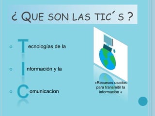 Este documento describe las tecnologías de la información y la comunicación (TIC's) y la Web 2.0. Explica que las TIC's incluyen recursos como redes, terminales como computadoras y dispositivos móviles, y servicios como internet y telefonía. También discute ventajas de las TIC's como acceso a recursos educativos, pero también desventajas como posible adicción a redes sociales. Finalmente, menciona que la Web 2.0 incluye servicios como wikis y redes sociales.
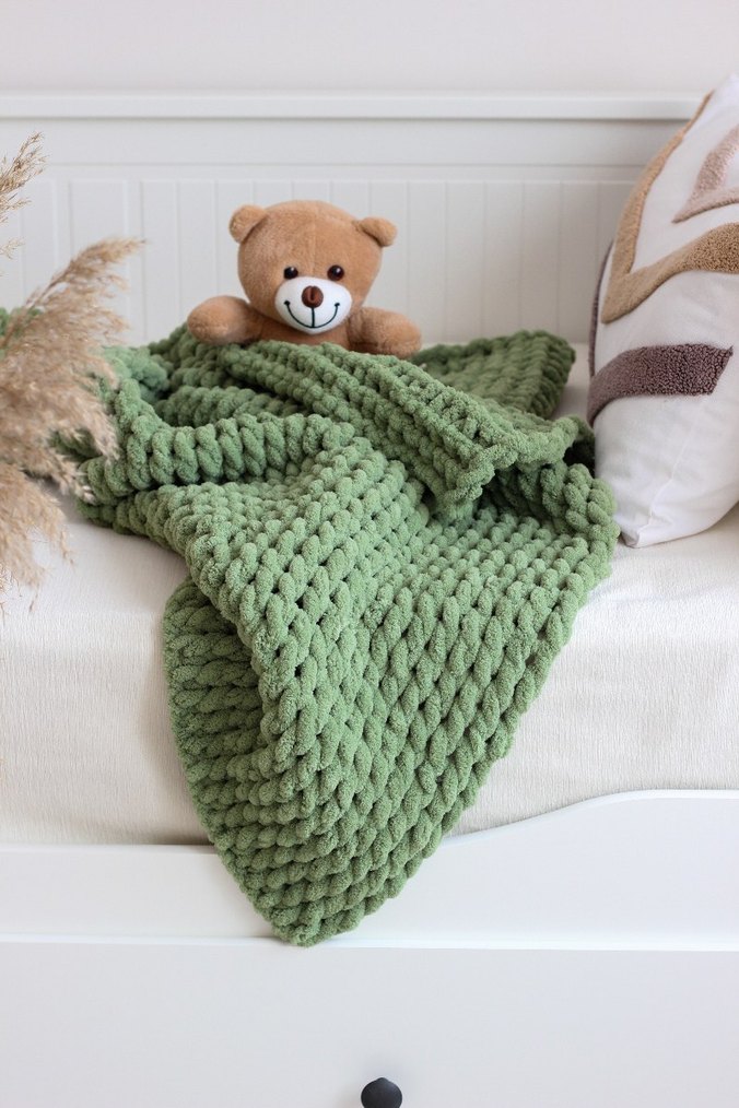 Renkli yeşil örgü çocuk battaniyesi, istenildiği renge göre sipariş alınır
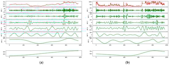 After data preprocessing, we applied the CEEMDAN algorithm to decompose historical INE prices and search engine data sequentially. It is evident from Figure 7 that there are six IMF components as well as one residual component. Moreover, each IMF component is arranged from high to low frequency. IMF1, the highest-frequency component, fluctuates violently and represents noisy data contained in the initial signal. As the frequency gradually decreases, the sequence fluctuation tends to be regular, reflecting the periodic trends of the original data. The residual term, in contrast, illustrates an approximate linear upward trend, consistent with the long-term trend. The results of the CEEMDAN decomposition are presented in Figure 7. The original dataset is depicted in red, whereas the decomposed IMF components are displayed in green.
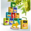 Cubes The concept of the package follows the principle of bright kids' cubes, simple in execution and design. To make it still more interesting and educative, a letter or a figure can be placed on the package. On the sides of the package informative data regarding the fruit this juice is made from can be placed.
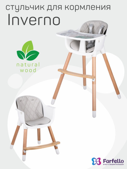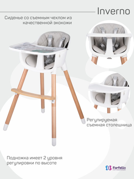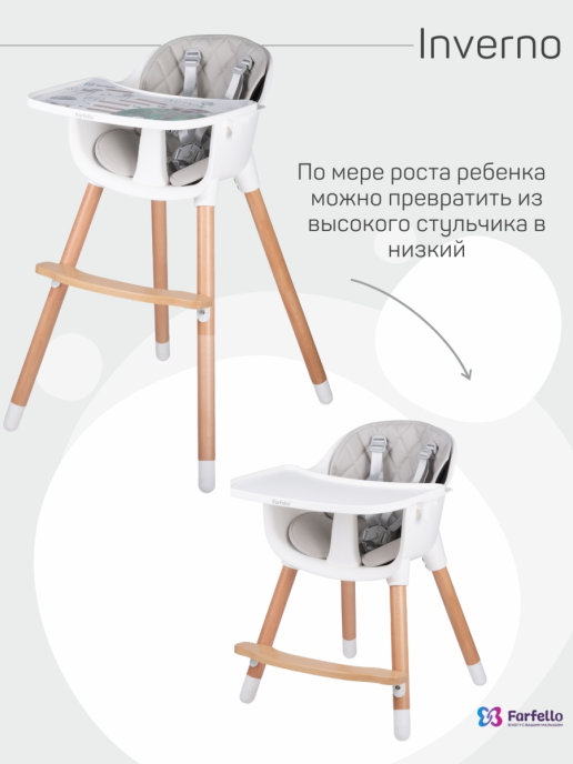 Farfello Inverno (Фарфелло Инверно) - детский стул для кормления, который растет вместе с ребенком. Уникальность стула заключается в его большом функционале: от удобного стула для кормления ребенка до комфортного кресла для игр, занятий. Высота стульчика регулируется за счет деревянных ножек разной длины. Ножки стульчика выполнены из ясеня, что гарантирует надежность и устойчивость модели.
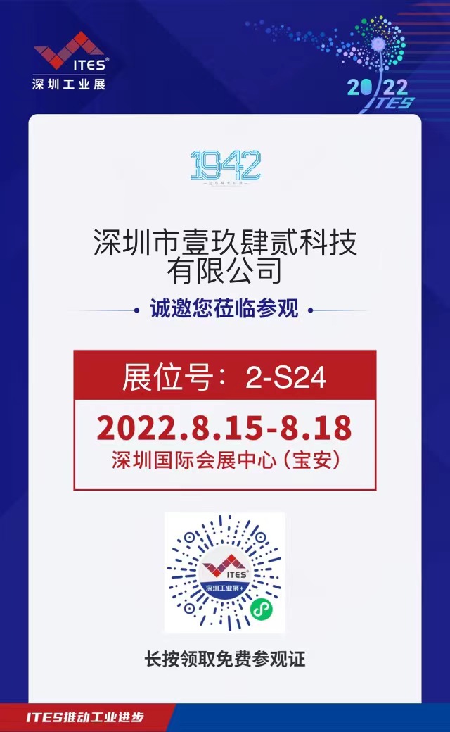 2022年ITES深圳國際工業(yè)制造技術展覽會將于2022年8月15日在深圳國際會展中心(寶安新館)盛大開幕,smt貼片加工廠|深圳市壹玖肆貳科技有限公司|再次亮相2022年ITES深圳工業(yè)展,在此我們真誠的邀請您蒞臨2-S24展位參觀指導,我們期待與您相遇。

- Task brief -
Print the listing exactly, images excluded.

- Response -
 Este documento describe las tecnologías de la información y la comunicación (TIC's) y la Web 2.0. Explica que las TIC's incluyen recursos como redes, terminales como computadoras y dispositivos móviles, y servicios como internet y telefonía. También discute ventajas de las TIC's como acceso a recursos educativos, pero también desventajas como posible adicción a redes sociales. Finalmente, menciona que la Web 2.0 incluye servicios como wikis y redes sociales.
 Renkli yeşil örgü çocuk battaniyesi, istenildiği renge göre sipariş alınır
 After data preprocessing, we applied the CEEMDAN algorithm to decompose historical INE prices and search engine data sequentially. It is evident from Figure 7 that there are six IMF components as well as one residual component. Moreover, each IMF component is arranged from high to low frequency. IMF1, the highest-frequency component, fluctuates violently and represents noisy data contained in the initial signal. As the frequency gradually decreases, the sequence fluctuation tends to be regular, reflecting the periodic trends of the original data. The residual term, in contrast, illustrates an approximate linear upward trend, consistent with the long-term trend. The results of the CEEMDAN decomposition are presented in Figure 7. The original dataset is depicted in red, whereas the decomposed IMF components are displayed in green.
 Cubes The concept of the package follows the principle of bright kids' cubes, simple in execution and design. To make it still more interesting and educative, a letter or a figure can be placed on the package. On the sides of the package informative data regarding the fruit this juice is made from can be placed.
 Farfello Inverno (Фарфелло Инверно) - детский стул для кормления, который растет вместе с ребенком. Уникальность стула заключается в его большом функционале: от удобного стула для кормления ребенка до комфортного кресла для игр, занятий. Высота стульчика регулируется за счет деревянных ножек разной длины. Ножки стульчика выполнены из ясеня, что гарантирует надежность и устойчивость модели.
 2022年ITES深圳國際工業(yè)制造技術展覽會將于2022年8月15日在深圳國際會展中心(寶安新館)盛大開幕,smt貼片加工廠|深圳市壹玖肆貳科技有限公司|再次亮相2022年ITES深圳工業(yè)展,在此我們真誠的邀請您蒞臨2-S24展位參觀指導,我們期待與您相遇。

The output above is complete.